Data records:
=== Section Start ===

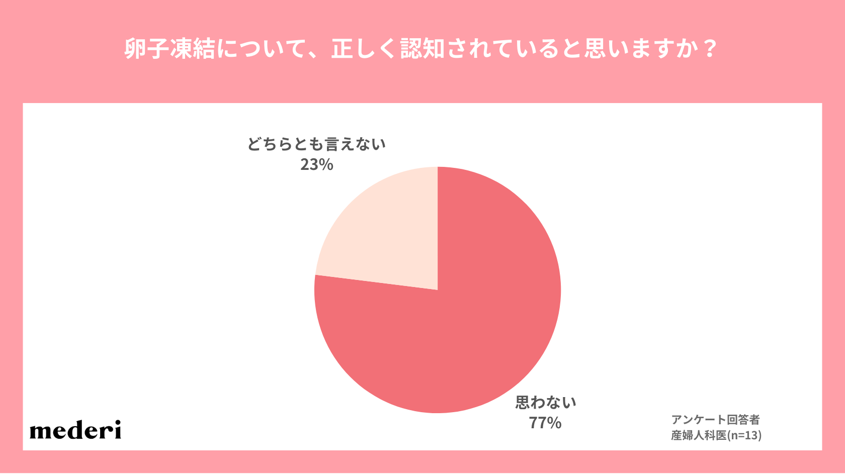 「卵子凍結について、正しく認知されていると思いますか?」という質問に対し、7割が「思わない」と回答し、「正しく認知されている」という回答はありませんでした。世の中の卵子凍結への一般的な認知と理解は不十分であり、専門医の視点からも懸念として感じられている状況が読み取れます。
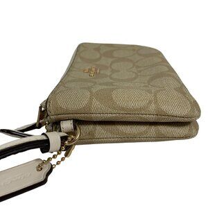 COACH Double Zip Corner Wristlet Wallet Signature Canvas + Hang Tag/Charm EUC
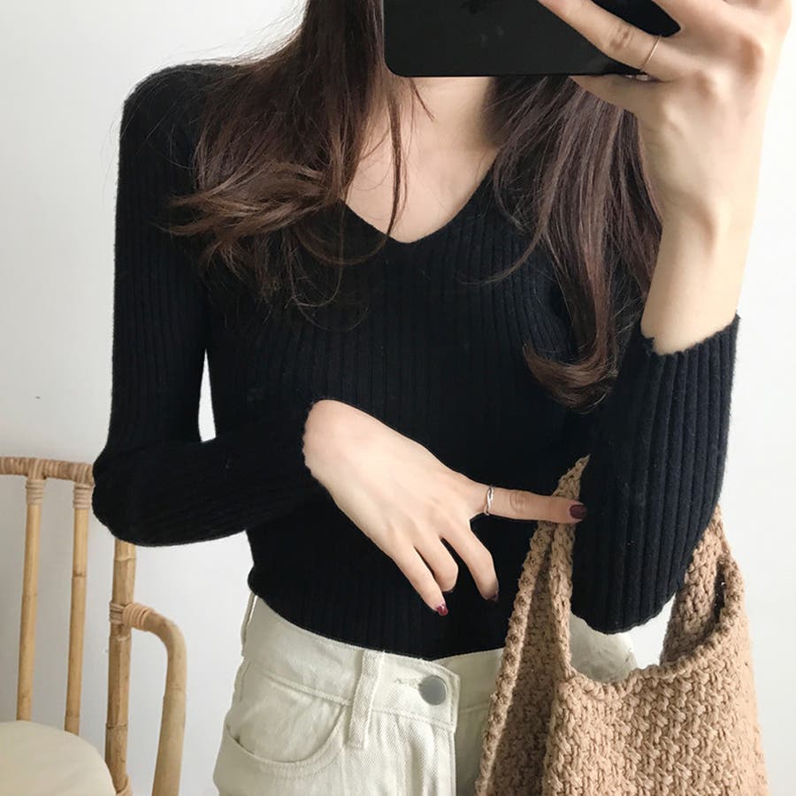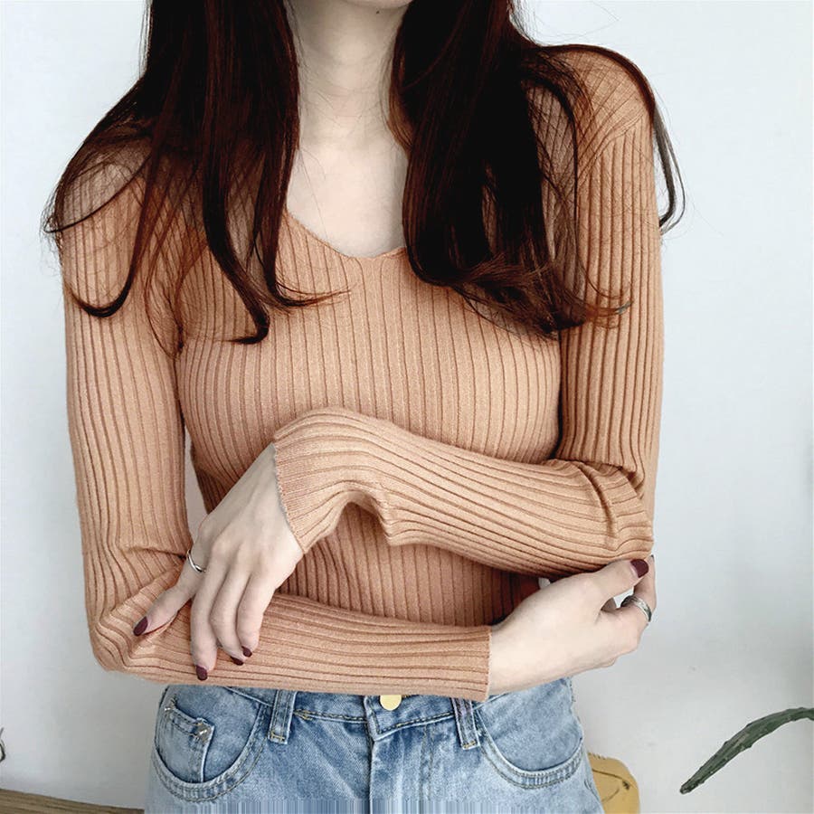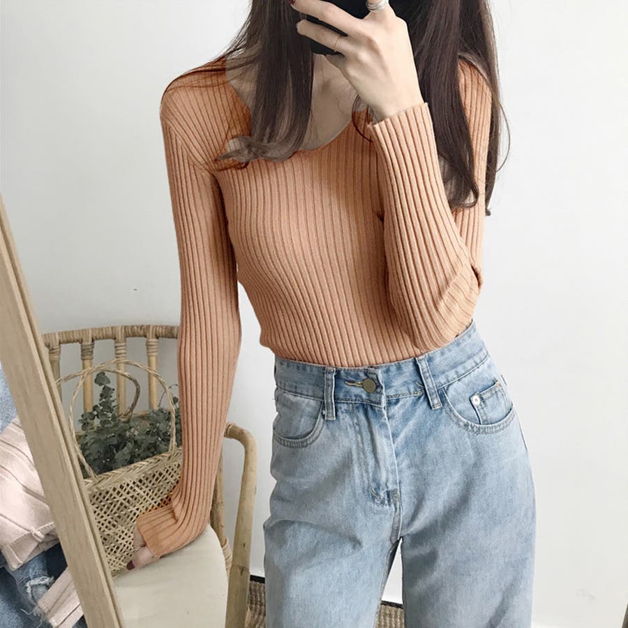 1枚を着るだけできれいめなオトナ女子に変身できるリブニットトップス
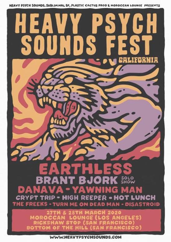 Earthless, Brant Bjork (solo show), Danava, Yawning Man, Crypt Trip, High Reeper, Hot Lunch, The Freeks, Turn Me On Dead Man, and Disastroid have been booked for the 2020 Heavy Psych Sounds Fest. That event will take place on March 27-28 at the Moroccan Lounge in Los Angeles, CA and at the Rickshaw Stop and Bottom Of The Hill in San Francisco, CA.
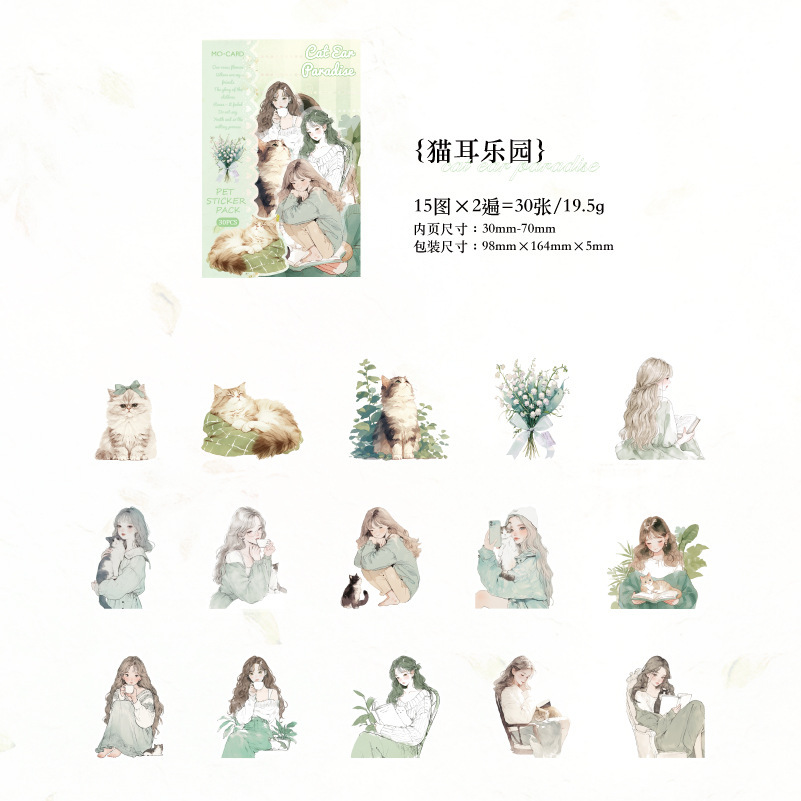 カフェ風 PETシール ステッカー スイーツ ガール少女 日常生活 キャット猫 ラベル 30枚入
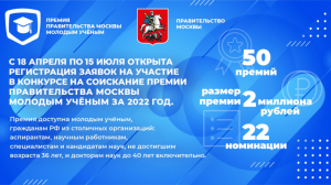 Премия молодым учёным за 2022 год Правительство Москвы объявило конкурс 18 апреля 2022 |

=== Section End ===

* WORK INSTRUCTIONS
Each line above gets copied exactly; leave the pictures out.

* EXERCISE ANSWER
 「卵子凍結について、正しく認知されていると思いますか?」という質問に対し、7割が「思わない」と回答し、「正しく認知されている」という回答はありませんでした。世の中の卵子凍結への一般的な認知と理解は不十分であり、専門医の視点からも懸念として感じられている状況が読み取れます。
 COACH Double Zip Corner Wristlet Wallet Signature Canvas + Hang Tag/Charm EUC
 1枚を着るだけできれいめなオトナ女子に変身できるリブニットトップス
 Earthless, Brant Bjork (solo show), Danava, Yawning Man, Crypt Trip, High Reeper, Hot Lunch, The Freeks, Turn Me On Dead Man, and Disastroid have been booked for the 2020 Heavy Psych Sounds Fest. That event will take place on March 27-28 at the Moroccan Lounge in Los Angeles, CA and at the Rickshaw Stop and Bottom Of The Hill in San Francisco, CA.
 カフェ風 PETシール ステッカー スイーツ ガール少女 日常生活 キャット猫 ラベル 30枚入
 Премия молодым учёным за 2022 год Правительство Москвы объявило конкурс 18 апреля 2022 |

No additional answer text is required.